Job Description
We are on a mission to define the future of intelligence. Nexus Horizon Labs is seeking a visionary Lead AI Architect to spearhead the development of our 2026 technology stack. In this pivotal role, you will not just build models; you will architect the ecosystems that will power the next decade of human-machine collaboration.
As the industry shifts towards Autonomous Agents and Multimodal AI, we need a leader who understands both the theoretical depth and the engineering rigor required to bring these concepts to production. You will work directly with our CTO and a world-class team of data scientists and engineers to build scalable, ethical, and high-performance AI solutions.
Why join us?
We offer competitive equity, remote-first flexibility, and the opportunity to shape the industry standards for the year 2026 and beyond.
Responsibilities
- Architect the Future: Design and implement the core infrastructure for next-generation Generative AI and Agentic workflows.
- Model Optimization: Lead research into model distillation, quantization, and efficient inference to reduce latency and cost.
- System Scalability: Build fault-tolerant, distributed machine learning pipelines capable of handling petabyte-scale data.

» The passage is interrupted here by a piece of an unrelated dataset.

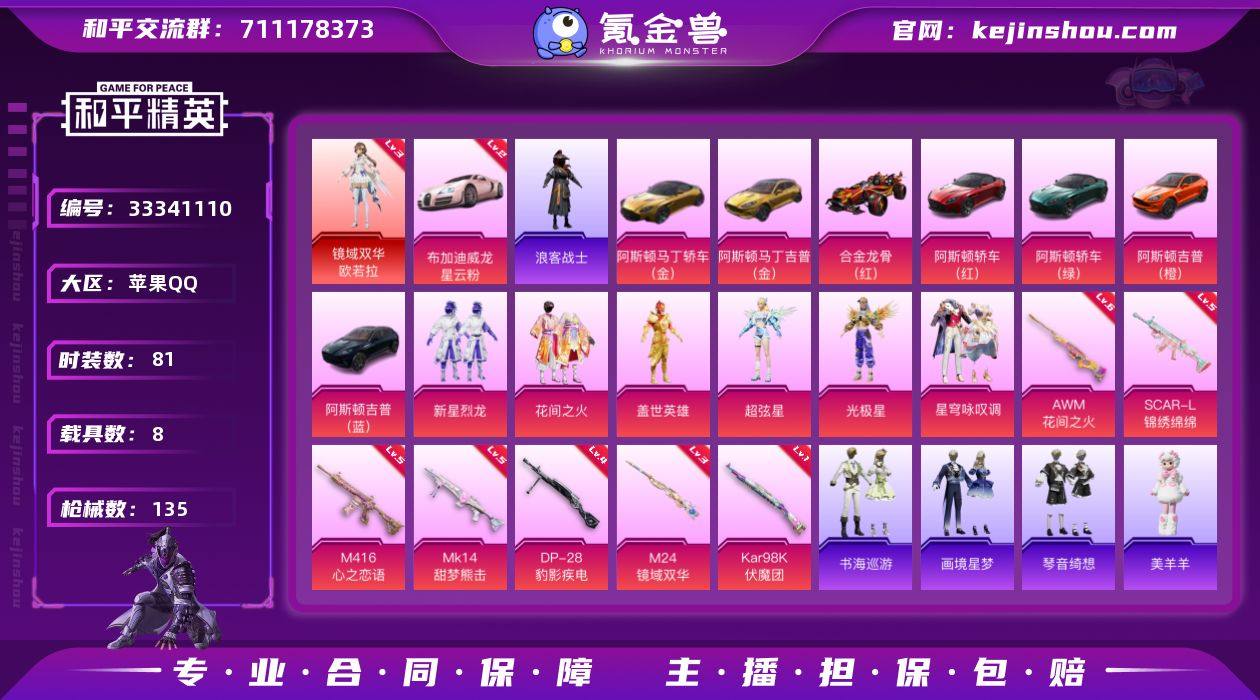 【kyhp1835】苹果 手Q-1神装-7粉装-11特效枪-8载具-1粉色飞行器-66177热力值-5王牌印记-81套装-135枪皮 【红色载具】:布加迪威龙(星云粉)(二级) 【红色神装等级】:镜域双华-欧若拉(三级) 【红色角色神装】:镜域双华-欧若拉 【热门品类】:套装-浪客战士,套装-龟仙人 【粉色套装】:粉装-新星烈龙,粉装-花间之火,粉装-盖世英雄,角色-超弦星,角色-光极星,粉装-星穹咏叹调,角色-罪夜之冕 【粉色枪皮等级】:SCAR-L-锦绣绵绵(五级),M416-心之恋语(五级),AUG-罪夜之冕(五级),ACE32-萌骑漫游(三级),AKS-74U-森灵之息(五级),Kar98K-伏魔团(一级),M24-镜域双华(三级),AWM-花间之火(六级),Mk14-甜梦熊击(五级),Mk14-福马献瑞(五级),DP-28-豹影疾电(四级) 【粉色载具】:布加迪威龙(星云粉),阿斯顿马丁DBS(红),阿斯顿马丁DBS(绿),阿斯顿马丁DBS(金),阿斯顿马丁DBX(橙),阿斯顿马丁DBX(蓝),阿斯顿马丁DBX(金),合金龙骨(红),空客H135-恋语之翼 【粉色枪皮】:SCAR-L-锦绣绵绵,M416-心之恋语,AUG-罪夜之冕,ACE32-萌骑漫游,AKS-74U-森灵之息,Kar98K-伏魔团,M24-镜域双华,AWM-花间之火,Mk14-甜梦熊击,Mk14-福马献瑞,DP-28-豹影疾电...

- Technical Leadership: Mentor senior engineers and data scientists, fostering a culture of innovation and technical excellence.

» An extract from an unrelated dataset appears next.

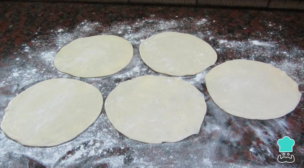 Estenda a massa reservada com um rolo. Corte em círculos para formar as empanadas de atum simples.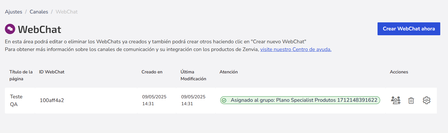 Todos los WebChats creados quedarán guardados en la pantalla principal del canal, en una lista con:

- Ethical AI Governance: Establish guidelines and frameworks to ensure AI safety, bias mitigation, and compliance with emerging regulations.

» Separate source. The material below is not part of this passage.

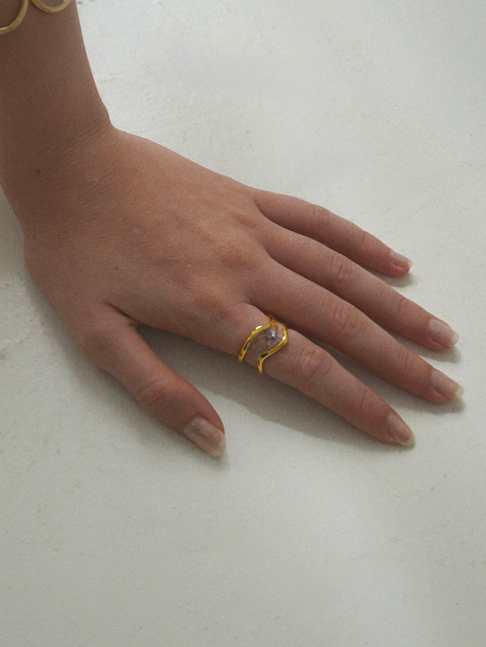 ダブルラインが柔らかな印象のリング。大ぶりながらシンプルで優しい曲線が魅力的で、どんなスタイリングにもぴったりです◎
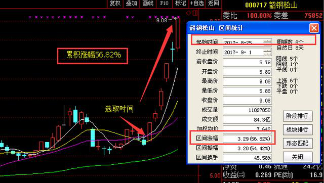 韶鋼松山也是在8月24日選取出來,當時也是在朋友圈中有詳細的講解的,想了解的可以去朋友圈查看,選取出來后直接進入快速的拉升達到目前6天累計漲幅56.82%,想學習這套方法的朋友可以去朋友圈中查看!

- Cross-Functional Collaboration: Partner with product and engineering teams to translate complex AI capabilities into user-centric products.
Qualifications
- Experience: 8+ years of software engineering experience, with at least 5 years in AI/ML architecture and leadership.
- Tech Stack: Deep expertise in Python, PyTorch, or TensorFlow. Experience with LangChain, LlamaIndex, or similar orchestration frameworks.
- Cloud Mastery: Proven track record deploying AI models on AWS, GCP, or Azure using Kubernetes and containerization.
- Education: MS or PhD in Computer Science, Machine Learning, or a related quantitative field is highly preferred.
- Problem Solving: Demonstrated ability to solve complex, unstructured problems in high-stakes environments.
- Communication: Exceptional ability to communicate technical concepts to non-technical stakeholders.